Putting out the bins

Putting out the binsWith margins being squeezed, taking the cost out of a customer’s supply chain isn’t easy, so how does Arrow-Jermyn’s David Blacklock do it? “It is all about bin sizing.” Richard Wilson reports
David Blacklock has an interesting job at distributor Arrow-Jermyn. He is the man who can tell the company’s customers how they can reduce some of the cost in their supply chain.
Important information for many manufacturers, and something they might pay highly for, but it is not unknown for Blacklock to pass on some of that information even before Arrow-Jermyn is assured of winning the component supply contract.
“There is a bit of a science to this,” says Blacklock, who is technical and enhanced services director at Arrow-Jermyn. “The aim is to remove waste and therefore reduce cost for the customer. The danger is it could mushroom.”
Why is a customer’s inventory, the cost of components and assemblies held in the supply chain, so important to the manufacturers and distributors? “Margins are being squeezed,” says Blacklock. “Customers want us to take some of the cost out of their businesses.” Servicing the customer… The diagram shows how the three elements of stock-holding (either in the bin at the factory or in Arrow’s buffer stock, dubbed SMART), on-line ordering and sales forecasts combine in a stock replenishment cycle that can be tuned to minimise cost in the supply chain. It starts from Arrow’s warehouse, the PDC, in the top right-hand corner and moves across to the customer’s (partner’s) factory stockholding, called the hub.
The cost of inventory is the main question manufacturers are asking Arrow-Jermyn. “Around 95 per cent of customers have an issue with inventory,” says Blacklock. “There is too much and they want to reduce it.”
Which is where Blacklock and his stocking calculations come in.
The reason Blacklock knows the numbers is simple. He and his team at Arrow-Jermyn has taken the trouble to do the sums. What he has done is taken traditional Kan Ban analysis, which defines a manufacturing customer’s inventory as a series of component bins typically held in the factory store, and calculated the optimum size of each individual component bin. “It is all about bin sizing,” says Blacklock. “Smaller the bin, the lower the inventory cost, but there is a corresponding increase in the cost of administering orders and product receipt processes.”
“As an engineer I realised that with two cost curves, one rising and the other falling, there must be a crossover point, an optimum bin size for each component,” he adds.
So Blacklock and his team will calculate the optimum bin size for various components for its customers. Bin size is dependent on a number of parameters such as product cost, manufacturers lead times, usage, customer forecasts. But it is also affected by the customer’s own inventory and ordering policy, so that the “golden number” truly varies from customer to customer, even for the same part.
The reason Arrow-Jermyn and Blacklock are prepared to go to all this trouble is that it will give their sales staff valuable information about how individual customers can reduce the cost of inventory and ordering process in their supply chain.
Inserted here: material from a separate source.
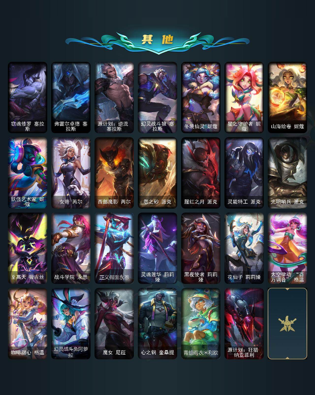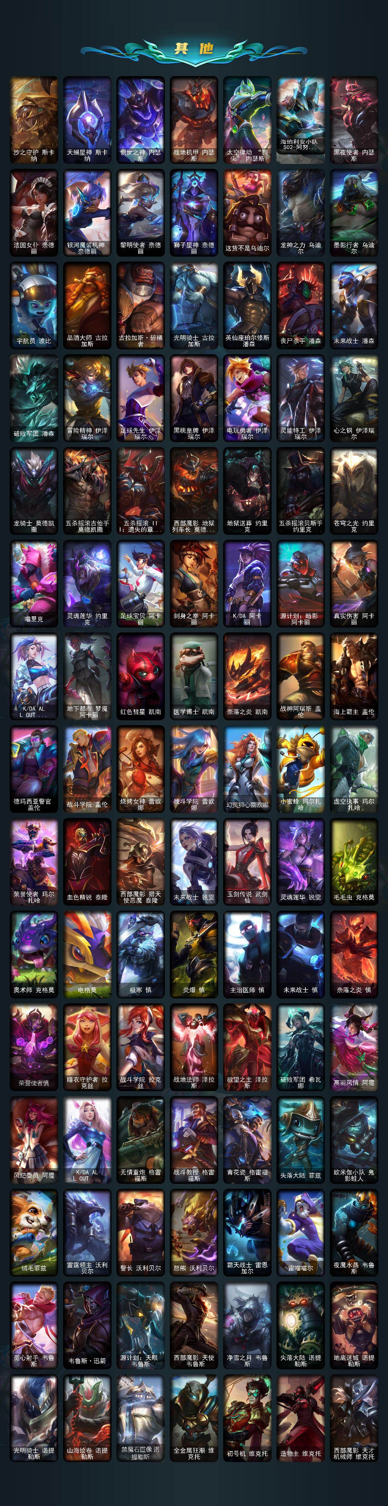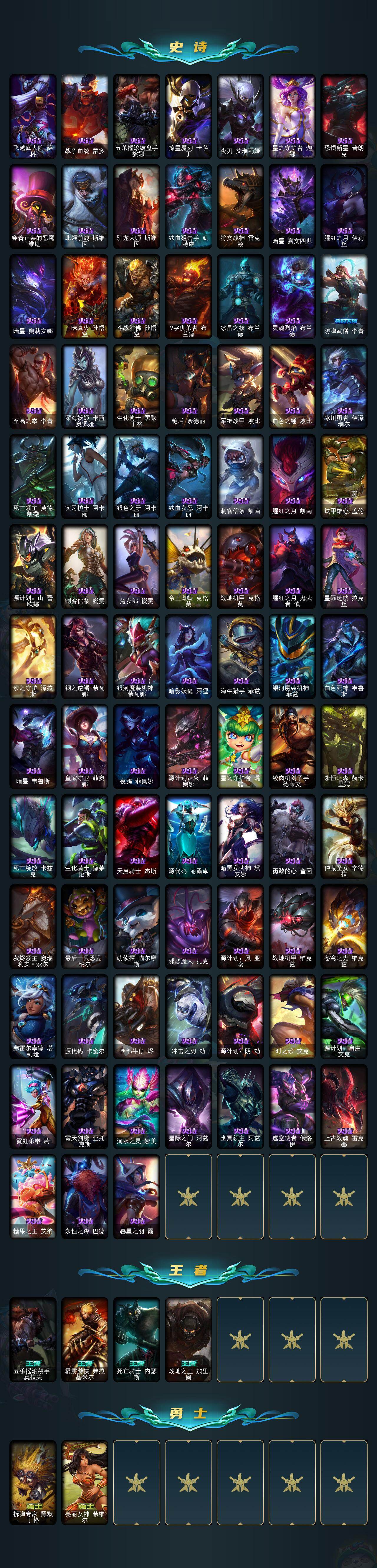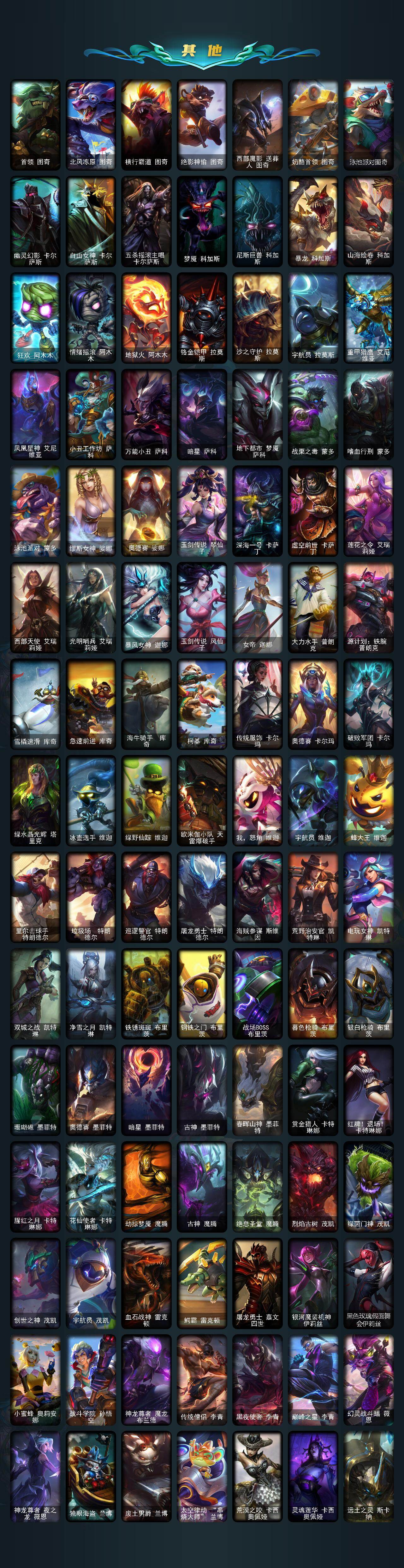 【神话皮肤】:殿堂传奇乐芙兰,十五周年纪念希维尔,神凰行者瑞羽圣凰艾尼维亚,黎明使者卡尔玛,灰烬守护者慎,灰烬骑士派克,海克斯科技吉格斯,海克斯科技雷克顿,零之枪骑赫卡里姆,至臻至高天奎桑提,至臻天龙之子伊泽瑞尔,至臻西部魔影伊芙琳,至臻至高天凯尔,至臻奥术师佐伊,至臻北极星钢影卡蜜尔,至臻北极星使者沃里克,至臻斗魂觉醒派克,至臻DRX亚托克斯,至臻福牛守护者菲奥娜,至臻海珀利安小队X09星环灵风迦娜,至臻海之歌萨勒芬妮,至臻幻灵战斗猫金克丝,至臻花仙使者卡特琳娜,至臻魂蔷薇烈娜塔,至臻烈焰美人薇恩,至臻灵魂莲华提莫,至臻灵能特工伊泽瑞尔,至臻魔女阿卡丽,至臻魔女婕拉,至臻墨之影武者亚索,至臻青花瓷拉克丝,至臻青花瓷丽桑卓,至臻绒毛菲兹,至臻神凰行者烈羽焰凰霞,至臻神龙尊者均衡之龙沃利贝尔,至臻太空律动魔音海妖娜美,至臻王国机神玄武盖伦,至臻腥红之月亚托克斯,至臻星之守护者艾克,至臻星之守护者妮蔻,至臻星之守护者索拉卡,至臻星之守护者辛德拉,至臻心之钢永恩,至臻源计划逆流塞拉斯,至臻源计划正义艾瑞莉娅,至臻玉剑传说琴仙子,至臻玉剑传说武剑仙,至臻战斗学院蕾欧娜

In many cases it can mean the difference between winning or losing a multi-million pound supply contract with a big manufacturer.
Which is one reason why Blacklock will even consider giving some major customers some of the magic numbers even before the supply contracts have been signed – a clear indication of how important a sales tool these figures are.
But the numbers are also important toArrow-Jermyn in another way. They reduce cost for the customer, but significantly they also enable the distributor to reduce cost in its own portion of the supply chain.
There is of course the cost of processing orders and invoices which applies to the distributor as much as to the customer. This can be reduced by on-line ordering and EDI (electronic data interchange) ordering and invoicing.
But the benefits of EDI come into their own when on-line ordering is combined with an optimised KanBan system and direct entry barcoding of components and products.
There is also an inventory cost to the distributor. In simplistic terms, when you reduce the inventory levels at the customer to an optimum, in the interest of cost saving, the danger is stock holding at the distributor increases to accommodate fast and short term changes in a customer’s ordering demands.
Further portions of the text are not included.